The Iranian Regime has a long history of using international proxies, paramilitaries, and terrorists to attack their enemies while keeping their hands clean.

It dates back to the early days of the Regime- under Ruhollah Khomeini- as a way of minimising risk to the Regime while still striking their targets, especially after the Iran-Iraq war when the Iranian Regime suffered heavy casualties. It is a strategy for regional dominance that doesn’t risk the lives of Regime members.

And it is still used today, that’s why the Iranian Regime supplied the Houthi terrorists in Yemen with a ballistic missile and ordered them to fire it at Iran’s biggest enemy: Saudi Arabia. This has happened at least twice this year and possibly up to 80 times since the Saudi-led coalition entered the fighting in Yemen in 2015- in support of the internationally recognised government.
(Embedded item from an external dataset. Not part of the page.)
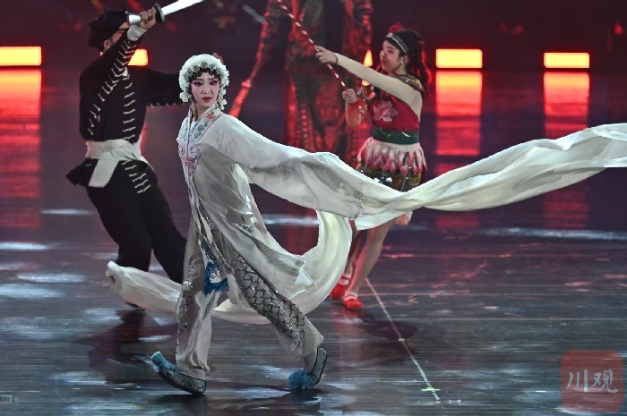 《死水微澜》《变脸》等经典剧目选段,与新创戏歌《朝天子》、国风变脸舞蹈《风华鉴》、武戏新编《白蛇情·破禅关》等融合节目同台辉映。陈智林、陈巧茹等多位川剧名家献艺,青年演员在动态光影技术的助力中列阵登场,中小学新苗新秀登台亮相,此外,晚会还邀请京剧、越剧、昆曲等剧种名家、文化名人参与,共同展现戏曲之美。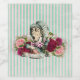 Vintage Alice's Adventure in Wonderland The Mad Hatter mit Blumen und Schnörkeln, Set auf antikem Look pink und aqua gestreiftem Hintergrund

The Iranian Regime knows that its military is no match to Saudi Arabia or the US’s, which is why it would not dare attack them directly, but they still want to remove Saudi-US influence from the Middle East.

It’s why Iran focuses on increasing its influence in other Middle Eastern states (like Iraq and Syria) and developing more advanced ballistic missiles in violation of UN resolutions.

Its also why Iran is planning to have ships in the Gulf of Mexico, as confirmed by Rear Admiral Habibollah Sayyari, a top military adviser to Iranian Supreme Leader Ali Khamenei, to support their proxies in South America, specifically Venezuela and Argentina.

But proxies aren’t Iran’s only weapon.

The Regime has also been ploughing its resources into cyber warfare in the past few years, in order to hold various American and European targets (private, government, and military) to ransom.
In addition, they’ve been manipulating international law to do things like exploiting the Strait of Hormuz- a key trading route through which one-fifth of the world’s oil flows- and have been advancing the capabilities of unmanned aerial vehicles (drones).

What you’ll notice about all of these tactics is that none of them involves direct confrontation.